Architecting big data solutions

When dealing with a huge dataset, non-functional requirements definitely become a primary concern. We cannot place our primary focus on a domain, leaving non-functional requirements as a secondary concern, because a single system that can fulfill a big data application's needs by itself simply does not exist.

When dealing with big data solutions, a lot of the work of a developer is predicting usage patterns and sizing the whole environment for correct short-term and long-term future usage. Never think of how to design and maintain the initial system size; always think of how to design and maintain it after a year or more of data throughput.
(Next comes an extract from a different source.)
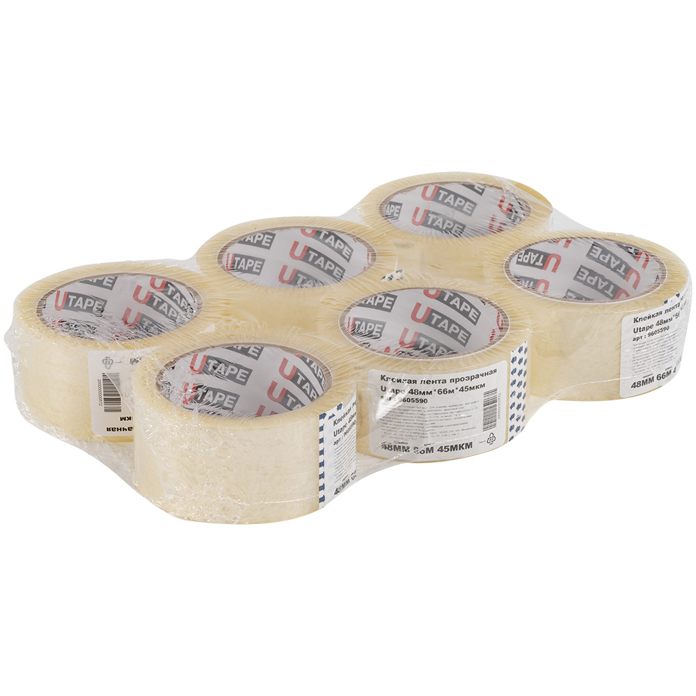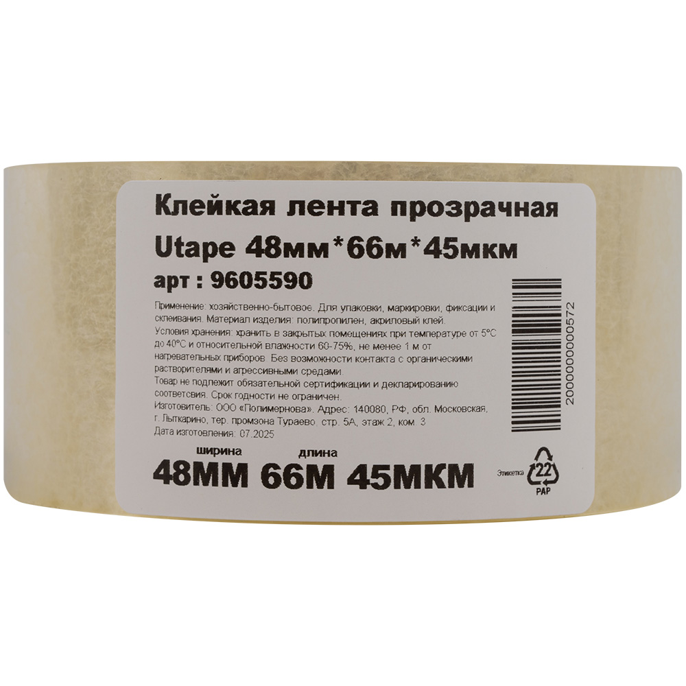 Клейкая лента Utape прозрачная шириной 48 мм, диаметром втулки 76 мм, намоткой 66 метров, толщиной 45 мкм для ручной упаковки. Изготовлена на основе полипропилена. Производитель ООО «Полимернова».

The whole system must be able to grow not only in size but also in complexity; otherwise, the system will never fit the future needs of business and will soon become obsolete (because of the need for data type variety of previously seen tenets).
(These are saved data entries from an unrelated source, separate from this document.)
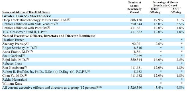 IPO前,Deep Track Biotechnology Master Fund持股为19.9%,Vida Ventures持股为16%,Pontifax、TCG Crossover Fund II分别持股为12%,Zachary Prensky持股为2.6%。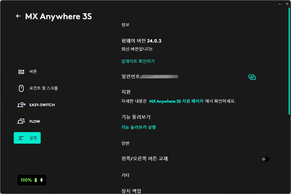 설정에서는 펌웨어 버전과 함께 일련번호를 확인할 수 있습니다. 그 외에도 왼쪽/오른쪽 버튼을 소프트웨어적으로 교체하거나 장치 설정을 백업하고 기본값으로 복원할 수 있는 기능도 준비되어 있습니다. 일부 기능들은 로그인이 필요합니다.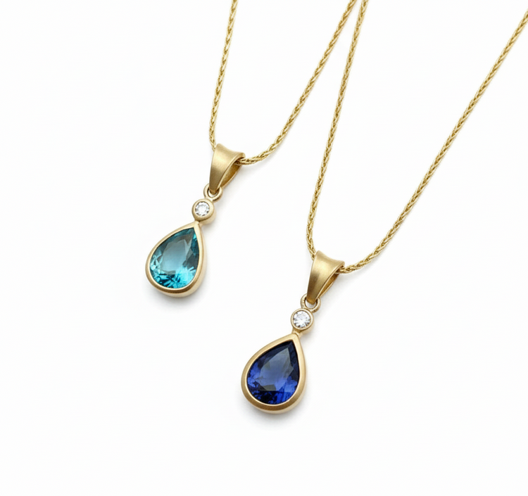 We have one new pendant back in stock!  The beautiful rich hue of this sparkling blue zircon makes this stone especially unique and desirable! This iteration features a 2.49 carat teal blue zircon stone, bezel set in 14K Gold with a satin finish and a .03 ct diamond accenting the pendant.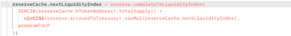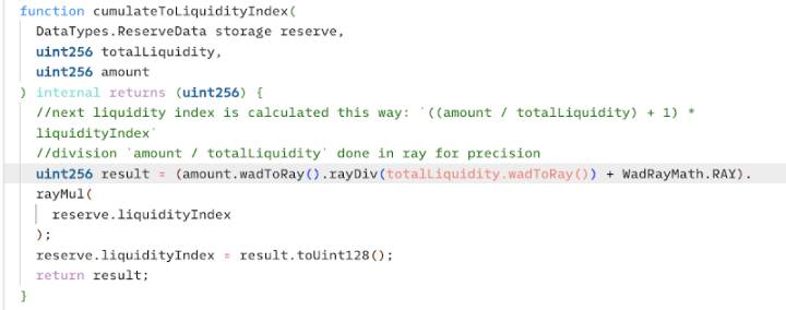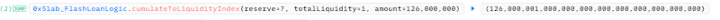 由于池子在黑客操作前为空,还款后 totalLiquidity 仅为 1,amount 是 126000000,初始 liquidityIndex 为 1,得出结果为 126000001。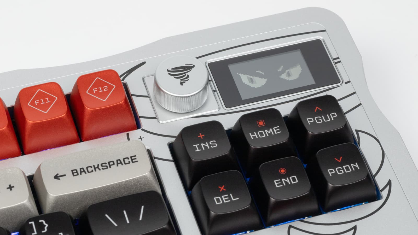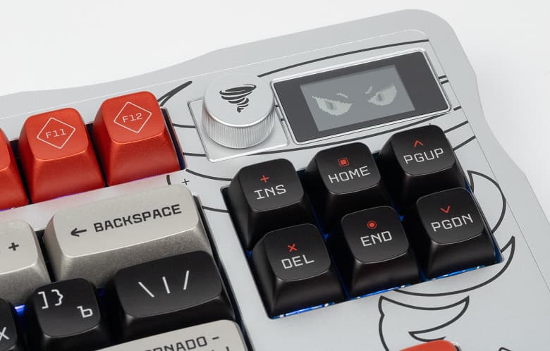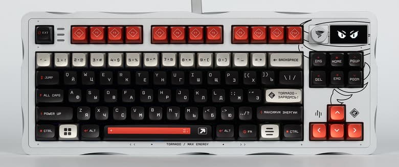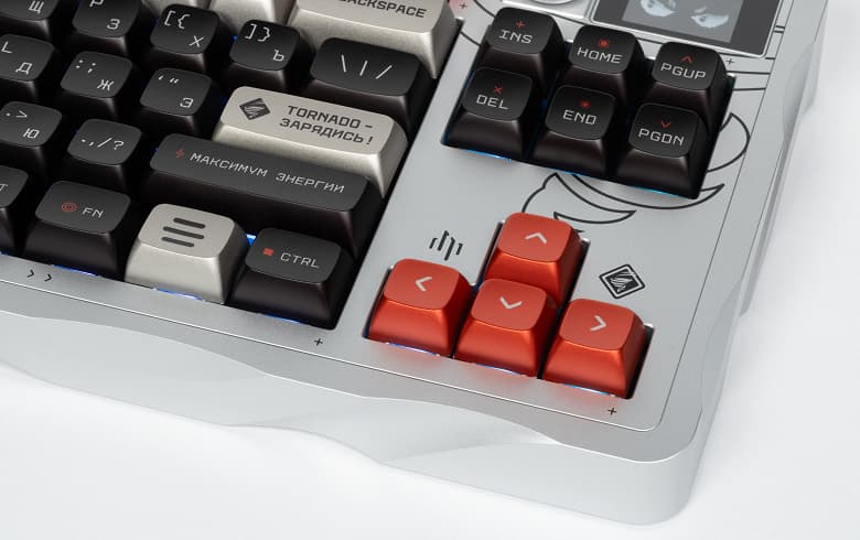 Что же касается живущего в клавиатуре «Торнадо», то он не так прост — хоть, по сути, и является чистым визуальным украшением. Маленький OLED-дисплей рядом с регулятором громкости просто показывает... разные эмоции, зависящие от того, что вы набираете на клавиатуре. Анализируется темп работы — например, если ничего не трогать дольше минуты, «Торнадо» впадает в спячку, а при темпе от 60 нажатий за 10 секунд немножко сходит с ума. Но это ещё не всё — специальные анимации предусмотрены и для некоторых комбинаций клавиш, часто используемых в чатах — типа GG, LOL или не совсем цензурного слова из четырёх букв. Рассказывать про всё это большого смысла нет — лучше смотреть. Или не смотреть, поскольку, естественно, функциональной нагрузки мимика «Торнадо» не несёт. Просто оживляет пейзаж. Зачем? Ну, во-первых, это красиво, а во-вторых — достаточно и во-первых. Такая маленькая шалость разработчиков в дорогом концептуальном продукте. Могут себе позволить для повышения концептуальности.

Let's make some usage predictions. For instance, let's consider a satellite antitheft-system that is always probing your position in the world. Such systems usually send data to the central data center from one to five times per hour, with a dataset of hundreds or more positions per instance.

A binary position packet is made up of a device ID, a UTC GPS fix, latitude, and longitude. This means 4 x 32-bit data fields for a sum of 16 bytes per position packet multiplied 120 times (2 positions per minute), which results in 1920 bytes per hour. Now, think of it as a car that runs for an average of 5 hours per day plus a lot of parking time, with obvious data-sending optimizations. This produces a size of 600 in-moving packets per day with a size of 9600 bytes per day in the network. Anyone could think it is easy to manage such network usage for any kind of Internet bandwidth. Of course, if you multiply such usage for 1000 cars (or more in the real world), this becomes 600,000 new packets per day in our database, with a constant network usage in the in-moving time of 9.15 MB/s.
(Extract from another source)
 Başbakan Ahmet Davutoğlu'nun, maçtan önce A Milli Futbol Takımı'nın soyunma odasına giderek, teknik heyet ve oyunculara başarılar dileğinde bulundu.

Continuing our usage prevision, things start becoming a little harder to manage with a database of 219 million rows (600k x 365 days) per year, which means 3.26 GB (219 m x 16 bytes) of increased size per year (plus indexes). Keep in mind that that this preview is related to a small client market share of only 1000 cars, while in the real world, any car rental company that has thousands of cars must manage a database greater than the one that we have just predicted.

The first thing to keep in mind when designing fast-growing solutions is that the datatype choice is crucial for the life of the whole system. Using 32 bits instead of 16 bits in a single data-packet field means increasing the network usage for nothing. The same thing happens if we increase the database column size. Another drawback of the database design is the increased size of all indexes or keys using the wrong-sized column, with obvious increase in the index seek/scan time. Also, keep in mind that in such large databases, altering the column size later (by years in a production environment) means hours or days of system downtime for maintenance.

Another critical aspect is breaking dependencies from different system modules and tiers. Never directly make a synchronous database INSERT from a Web Service operation. Always decouple by using a persisted queue, such as the one used in Azure Service Bus. This makes it easier to design the whole system and adds the benefit of increasing the system's reliability and scalability.

When trying to use a relational database, the key to success for big data systems is planning multiple instances of splitting data of different functional types, or (if possible) balancing content across multiple available tables of the same logical database across multiple physical servers.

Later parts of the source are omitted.